2. The use method of the kit comprises the following steps:
1) pretreating a standard substance and a quality control substance working solution: adding 20 mu L of standard substance or quality control substance working solution into 180 mu L of blank plasma, adding 20 mu L of internal standard substance working solution, adding 1mL of SALLE reagent, carrying out vortex for 3 minutes, centrifuging at 15000rpm for 10 minutes, taking supernatant, carrying out nitrogen blow-drying at 40 ℃, adding 50 mu L of 90% acetonitrile water solution for redissolution, carrying out vortex for 1 minute, centrifuging at 15000rpm for 10 minutes, and taking supernatant to obtain the standard substance to be detected.
2) Setting liquid chromatography conditions:
the instrument used was ABIQTRAP 5500(AB SCIEX);
the chromatographic column is as follows: InfinityLabPoroshell 120EC-C18,50 mm. times.2.1 mm, 2.7 μm; the flow rate is 0.3mL/min, the column temperature is 35 ℃, and the sample injection amount is 5 mu L; the elution gradient is 0-1 min: 0% -65% of B; 1-6.5 min: 65% -75% of B; 6.5-10 min: 75% -100% of B; 10-11 min: 100% of B; 11-13 min: 65% of B.
3) Setting mass spectrum conditions: electrospray ionization source, positive ion mode, scanning mode using Multiple Reaction Monitoring (MRM); air curtain gas (CUR) is 20 kPa; collision gas (CAD) is Medium; the spray voltage (IS) IS 5000V; the heating gas temperature is 500 ℃; the quantitative ion pair, declustering voltage (DP) and Collision Energy (CE) parameters for the 9 steroid hormones and their isotopic internal standards are shown in table 1.
TABLE 19 MRM analysis parameters of steroid hormones and their isotopic internal standards
Figure BDA0002317757210000111
Figure BDA0002317757210000121
4) And (3) computer detection: and (3) the pretreated standard substance to be detected enters a high performance liquid chromatography-tandem mass spectrometer for detection and analysis, and the peak areas of various steroid hormones and the peak area of the internal standard substance in the chromatogram and the detection standard substance are recorded.

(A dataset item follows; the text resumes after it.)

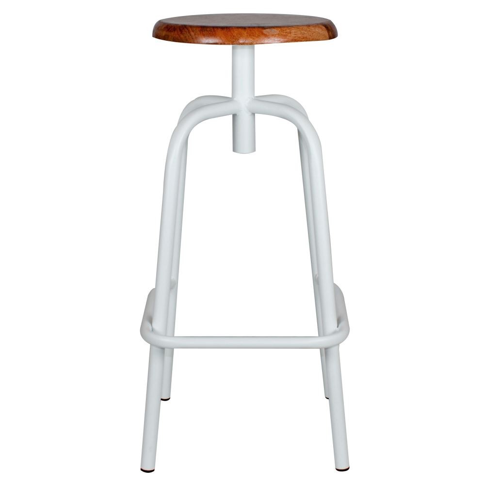 Se trata de un modelo de estilo industrial, con estructura tubular de acero con acabado en color blanco y asiento de madera natural.

5) And (4) analyzing results:
the steroid hormone contains a plurality of pairs of isomers, the same daughter ions and parent ions can be generated in a mass spectrum Multiple Reaction Monitoring (MRM) scanning mode, if the separation degree of a chromatographic method is not enough, mutual interference is easy to occur, and the detection result is higher. There are two pairs of isomers in the present invention: 11-deoxycorticosterol and corticosterone, dehydroepiandrosterone and testosterone, whose extracted ion flow diagrams are shown in fig. 1 and 2, it can be seen that both pairs of isomers achieve baseline separation.

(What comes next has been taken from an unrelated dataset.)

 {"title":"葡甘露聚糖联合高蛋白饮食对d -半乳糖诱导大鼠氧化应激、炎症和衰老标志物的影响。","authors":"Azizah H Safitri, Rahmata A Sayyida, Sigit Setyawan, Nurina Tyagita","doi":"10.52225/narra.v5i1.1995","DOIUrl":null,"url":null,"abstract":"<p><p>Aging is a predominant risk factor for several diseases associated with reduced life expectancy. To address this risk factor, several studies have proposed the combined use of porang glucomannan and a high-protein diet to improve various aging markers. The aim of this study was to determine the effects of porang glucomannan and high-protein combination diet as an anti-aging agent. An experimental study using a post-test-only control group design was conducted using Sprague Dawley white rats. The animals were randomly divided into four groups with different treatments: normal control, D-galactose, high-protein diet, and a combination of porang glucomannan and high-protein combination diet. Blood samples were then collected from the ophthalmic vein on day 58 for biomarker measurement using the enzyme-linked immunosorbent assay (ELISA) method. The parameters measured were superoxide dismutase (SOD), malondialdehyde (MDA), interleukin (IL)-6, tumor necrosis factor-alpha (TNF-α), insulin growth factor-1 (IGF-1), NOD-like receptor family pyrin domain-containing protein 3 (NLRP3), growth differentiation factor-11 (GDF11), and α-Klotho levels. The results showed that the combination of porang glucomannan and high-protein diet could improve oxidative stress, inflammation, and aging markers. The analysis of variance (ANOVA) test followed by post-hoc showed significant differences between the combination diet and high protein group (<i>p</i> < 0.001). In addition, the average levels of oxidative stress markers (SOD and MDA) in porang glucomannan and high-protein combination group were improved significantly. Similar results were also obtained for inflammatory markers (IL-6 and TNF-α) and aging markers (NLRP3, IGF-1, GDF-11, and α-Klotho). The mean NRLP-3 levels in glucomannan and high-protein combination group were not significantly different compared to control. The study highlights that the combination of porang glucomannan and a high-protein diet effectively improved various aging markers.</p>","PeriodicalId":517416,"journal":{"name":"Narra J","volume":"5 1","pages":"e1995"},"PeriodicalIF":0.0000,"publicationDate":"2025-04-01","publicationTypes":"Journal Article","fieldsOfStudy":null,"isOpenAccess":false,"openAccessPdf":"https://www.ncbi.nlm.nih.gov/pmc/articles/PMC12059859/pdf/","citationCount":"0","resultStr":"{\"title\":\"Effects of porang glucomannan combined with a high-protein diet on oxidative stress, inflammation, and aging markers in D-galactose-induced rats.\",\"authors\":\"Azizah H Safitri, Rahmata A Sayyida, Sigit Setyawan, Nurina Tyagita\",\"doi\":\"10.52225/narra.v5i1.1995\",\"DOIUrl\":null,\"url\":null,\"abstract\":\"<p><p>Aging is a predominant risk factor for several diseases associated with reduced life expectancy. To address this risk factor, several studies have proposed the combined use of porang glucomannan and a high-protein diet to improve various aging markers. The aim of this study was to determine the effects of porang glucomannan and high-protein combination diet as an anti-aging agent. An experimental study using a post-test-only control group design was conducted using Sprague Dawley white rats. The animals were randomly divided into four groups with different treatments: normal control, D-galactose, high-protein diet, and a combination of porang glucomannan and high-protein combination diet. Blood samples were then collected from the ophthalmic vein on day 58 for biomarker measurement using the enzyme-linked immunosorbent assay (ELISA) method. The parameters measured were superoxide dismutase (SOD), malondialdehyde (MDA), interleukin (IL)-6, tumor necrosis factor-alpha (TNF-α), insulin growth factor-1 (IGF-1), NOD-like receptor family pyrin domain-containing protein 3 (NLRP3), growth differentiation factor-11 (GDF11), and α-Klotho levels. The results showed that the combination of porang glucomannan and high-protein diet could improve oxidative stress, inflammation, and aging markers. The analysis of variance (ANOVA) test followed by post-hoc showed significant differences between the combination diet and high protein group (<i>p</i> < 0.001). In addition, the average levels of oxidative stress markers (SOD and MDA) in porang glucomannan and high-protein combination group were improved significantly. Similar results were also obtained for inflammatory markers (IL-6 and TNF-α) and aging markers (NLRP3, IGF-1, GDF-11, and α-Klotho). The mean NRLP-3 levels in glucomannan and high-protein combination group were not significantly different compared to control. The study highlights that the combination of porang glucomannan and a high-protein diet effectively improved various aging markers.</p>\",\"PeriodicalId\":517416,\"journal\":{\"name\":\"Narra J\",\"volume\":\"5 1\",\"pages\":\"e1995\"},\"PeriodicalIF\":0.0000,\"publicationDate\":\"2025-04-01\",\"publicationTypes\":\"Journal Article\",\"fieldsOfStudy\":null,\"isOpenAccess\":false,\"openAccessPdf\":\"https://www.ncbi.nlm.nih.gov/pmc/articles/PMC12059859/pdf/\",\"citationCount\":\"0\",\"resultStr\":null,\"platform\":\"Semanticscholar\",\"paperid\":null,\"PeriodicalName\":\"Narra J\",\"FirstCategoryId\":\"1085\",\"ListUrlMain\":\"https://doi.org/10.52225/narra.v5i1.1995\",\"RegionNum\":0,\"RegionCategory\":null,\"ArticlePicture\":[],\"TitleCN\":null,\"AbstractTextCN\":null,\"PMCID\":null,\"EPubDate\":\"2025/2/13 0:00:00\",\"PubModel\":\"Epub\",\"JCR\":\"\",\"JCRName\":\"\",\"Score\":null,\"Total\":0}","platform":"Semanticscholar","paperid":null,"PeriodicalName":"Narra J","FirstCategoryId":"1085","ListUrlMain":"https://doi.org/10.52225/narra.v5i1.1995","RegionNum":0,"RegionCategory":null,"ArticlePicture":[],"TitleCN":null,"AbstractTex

The concentration of 5 standard working solutions is taken as an x axis, the concentration of the standard is taken as the x axis, the peak area ratio of the standard to an internal standard substance is taken as a y axis to draw a standard curve, the retention time, the standard curve and the correlation of 9 steroid hormones are shown in table 2, and cortisol, cortisone, 11-deoxycorticosterol, corticosterone, dehydroepiandrosterone, testosterone, 17-hydroxyprogesterone, androstenedione and progesterone respectively show good linearity in the following ranges: 1 ng/m-250 ng/mL, 0.2 ng/m-50 ng/mL, 0.01 ng/m-2.5 ng/mL, 0.1 ng/m-25 ng/mL, 0.5 ng/m-25 ng/mL, 0.05 ng/m-12.5 ng/mL, 0.02 ng/m-5 ng/mL, 0.1 ng/m-5 ng/mL, 0.05 ng/m-12.5 ng/mL.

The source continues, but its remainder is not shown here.